### Required work:
A verbatim restatement of the data, free of pictures, is what you should output.

Items listed in a dataset:
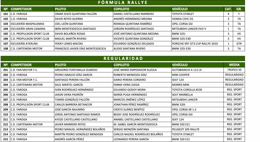 Por error en la revisión y punteo de las inscripciones recibidas, “nos hemos visto obligados a corregir la lista incluyendo a un participante en Fórmula Rallye y que le hemos asignado el Nº 108 a Francisco Javier Díaz y Alexis Santana (BMW 325 i TA3)”, afirmaron desde la escudería Aterura.
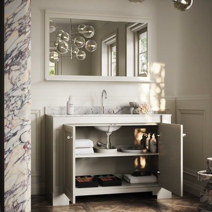 At 1200mm wide, the Eaton Freestanding Vanity Unit can be easily placed within a range of bathrooms. The doors of the vanity have been designed with a soft closing, push to open mechanism that negates the need for handles, and if you’re intending on using handles, the hinges are completely concealed to allow you personal choice on the finish of fittings and bathroom taps.
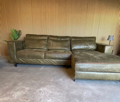 Deze groene hoekbank is gemaakt van microleer wat het onderhoud makkelijk maakt. De bank heeft een stonewash motief, wij noemen dat Stonewash. Hij is professioneel gereinigd en verkeert in nette en goede staat. Een echte eyecatcher. Bestaande uit 2 elementen en alle kussens zijn afneembaar.
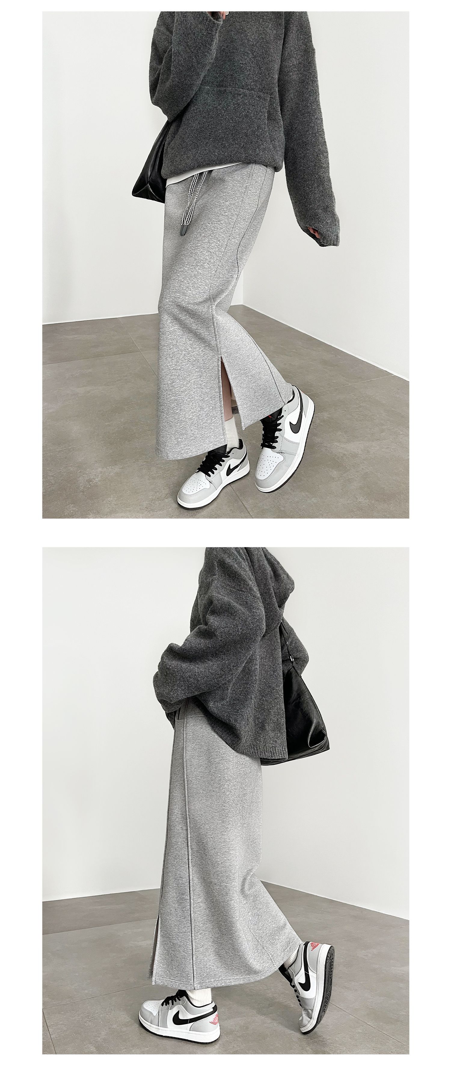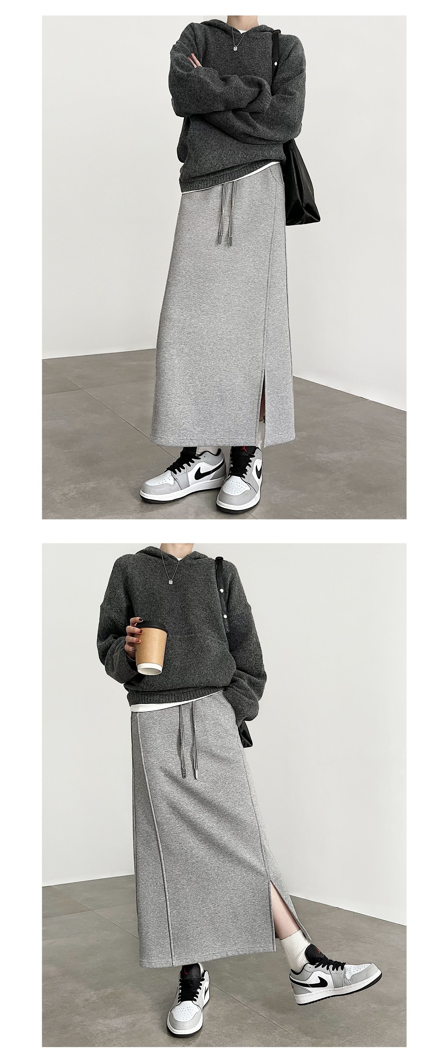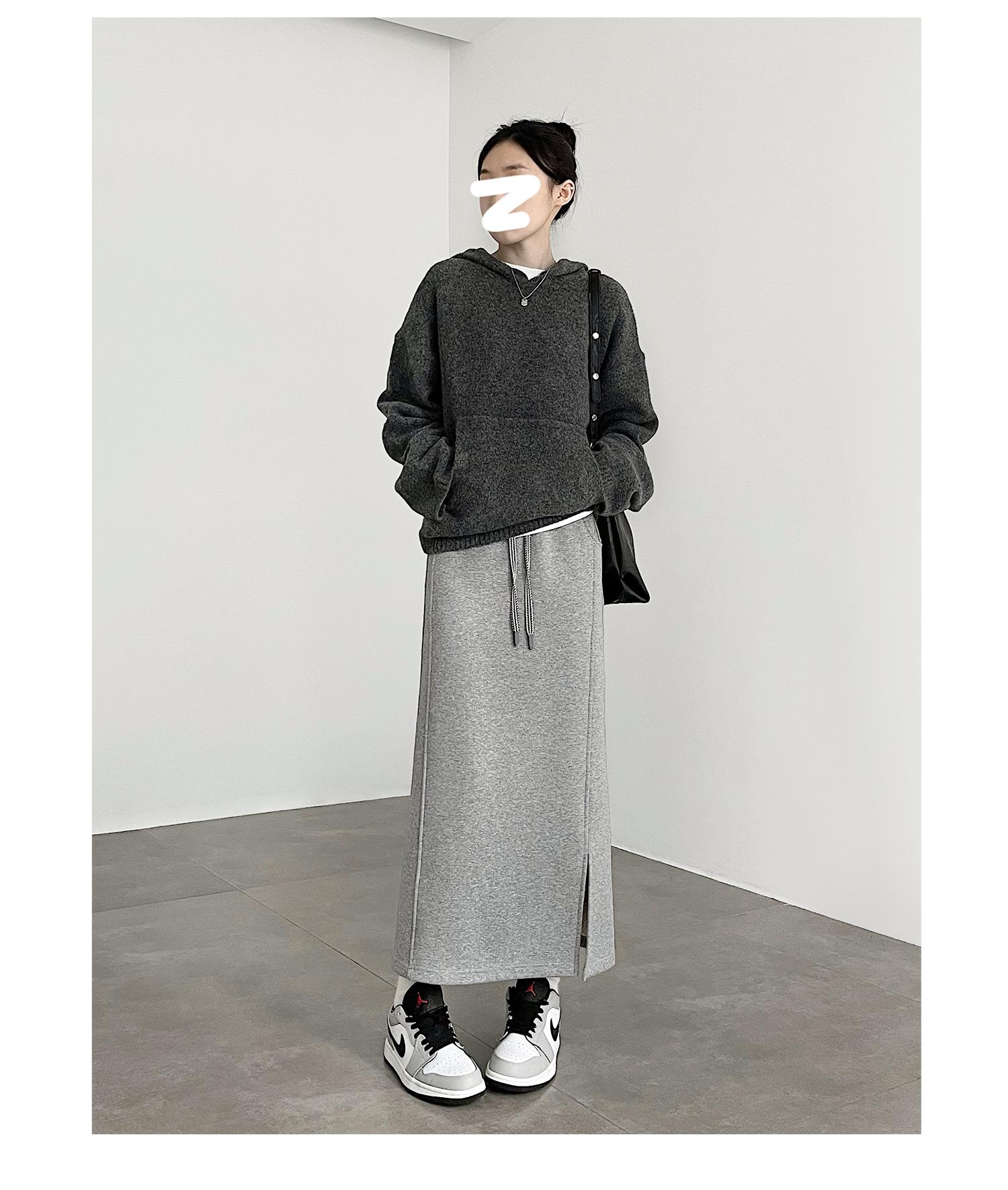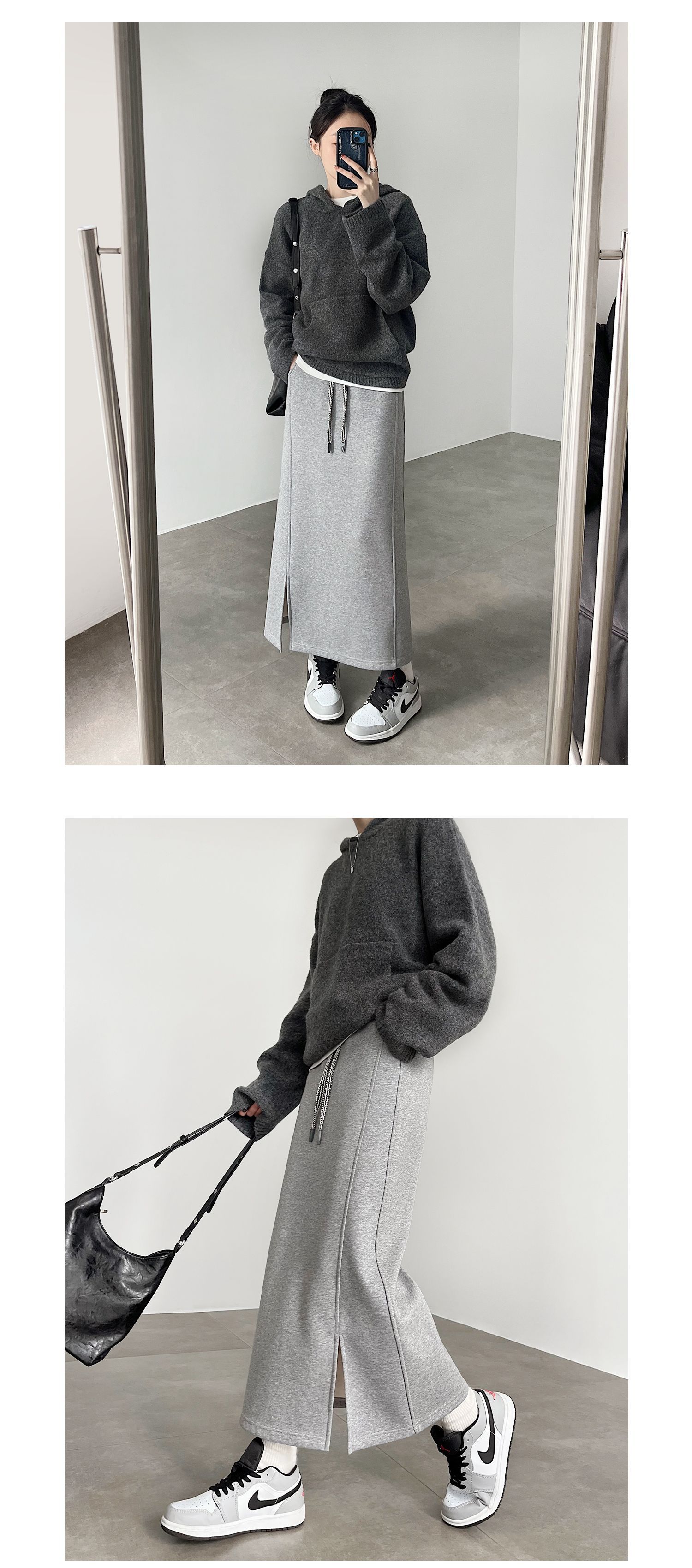 Falda Midi Gris con Abertura para Mujer Otoño 2025 Nueva Falda Lápiz Bodycon de Alta Gama Suelta Recta Larga Vestido Sudadera
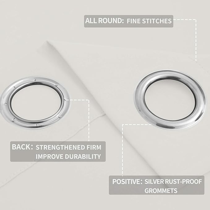 - Easy to Install: Each curtain panel has 8 silver metal grommets on top. Each grommet inner diameter is 1.6 inch, fits easily with standard curtain rods. Easy to hang, and slide smoothly. Perfect for office, bedroom, living room.
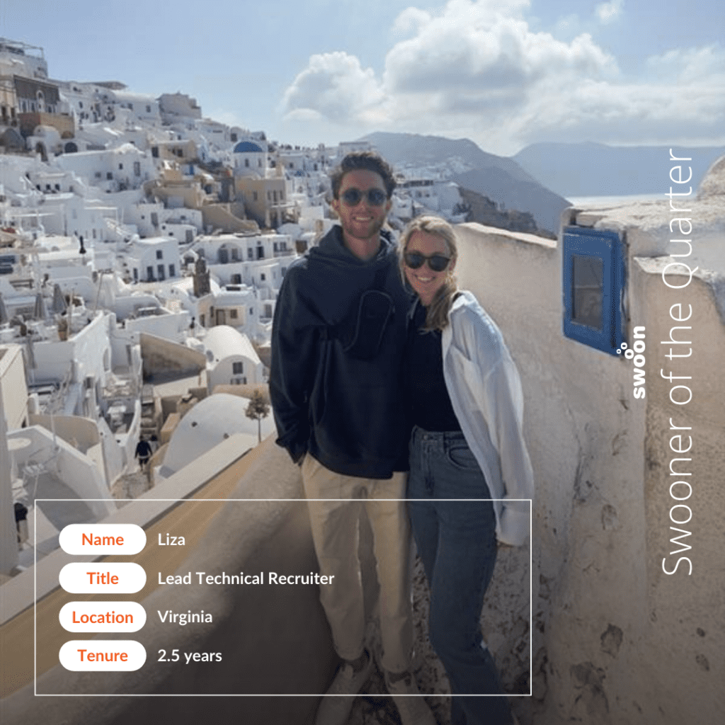 Congratulations to Liza on being awarded Swooner of the Quarter. Through her mentorship and recruiting skills, she has not only exceeded in her role as a Lead Technical Recruiter but also pushed other Swooners to be the best they can be!
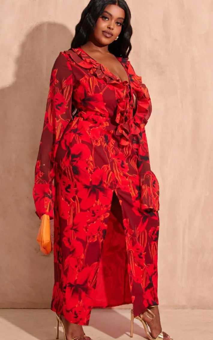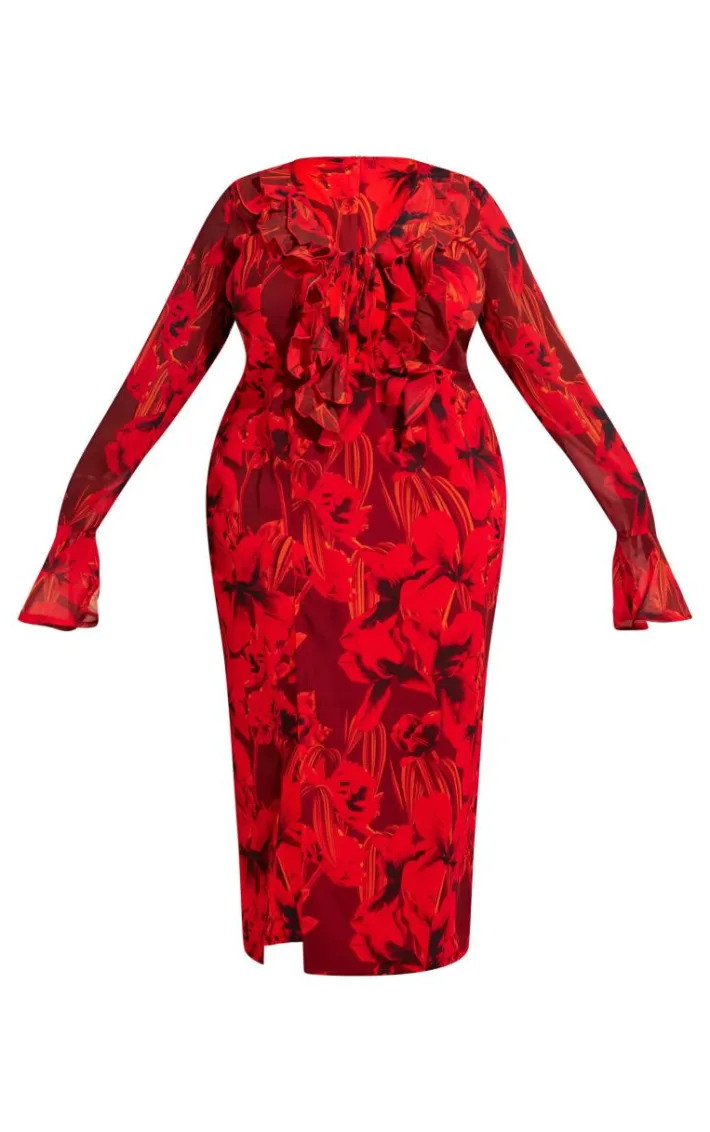 Have all eyes on you in this plus red floral print chiffon frill detail midi dress. Brought to you in a red chiffon material featuring a floral print with a frill detail and midi length, what’s not to like? Style this dress with gold heels and accessories for a figure-flattering fit we can’t get enough of.
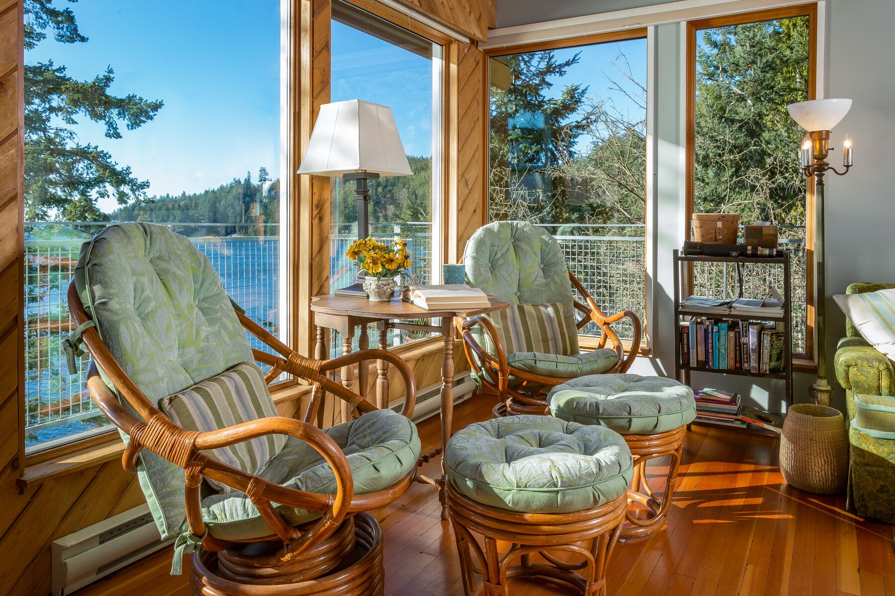The Large living room, 27’x 27’, has 3 separate sitting areas: Watch the High Definition 55” Smart TV with Cable connection, Relax and Read in one of our Comfort Zones, or Gaze out the Expansive Windows to view Eagles or Ferries going by.

### Solution to this problem:
 Por error en la revisión y punteo de las inscripciones recibidas, “nos hemos visto obligados a corregir la lista incluyendo a un participante en Fórmula Rallye y que le hemos asignado el Nº 108 a Francisco Javier Díaz y Alexis Santana (BMW 325 i TA3)”, afirmaron desde la escudería Aterura.
 At 1200mm wide, the Eaton Freestanding Vanity Unit can be easily placed within a range of bathrooms. The doors of the vanity have been designed with a soft closing, push to open mechanism that negates the need for handles, and if you’re intending on using handles, the hinges are completely concealed to allow you personal choice on the finish of fittings and bathroom taps.
 Deze groene hoekbank is gemaakt van microleer wat het onderhoud makkelijk maakt. De bank heeft een stonewash motief, wij noemen dat Stonewash. Hij is professioneel gereinigd en verkeert in nette en goede staat. Een echte eyecatcher. Bestaande uit 2 elementen en alle kussens zijn afneembaar.
 Falda Midi Gris con Abertura para Mujer Otoño 2025 Nueva Falda Lápiz Bodycon de Alta Gama Suelta Recta Larga Vestido Sudadera
 - Easy to Install: Each curtain panel has 8 silver metal grommets on top. Each grommet inner diameter is 1.6 inch, fits easily with standard curtain rods. Easy to hang, and slide smoothly. Perfect for office, bedroom, living room.
 Congratulations to Liza on being awarded Swooner of the Quarter. Through her mentorship and recruiting skills, she has not only exceeded in her role as a Lead Technical Recruiter but also pushed other Swooners to be the best they can be!
 Have all eyes on you in this plus red floral print chiffon frill detail midi dress. Brought to you in a red chiffon material featuring a floral print with a frill detail and midi length, what’s not to like? Style this dress with gold heels and accessories for a figure-flattering fit we can’t get enough of.
The Large living room, 27’x 27’, has 3 separate sitting areas: Watch the High Definition 55” Smart TV with Cable connection, Relax and Read in one of our Comfort Zones, or Gaze out the Expansive Windows to view Eagles or Ferries going by.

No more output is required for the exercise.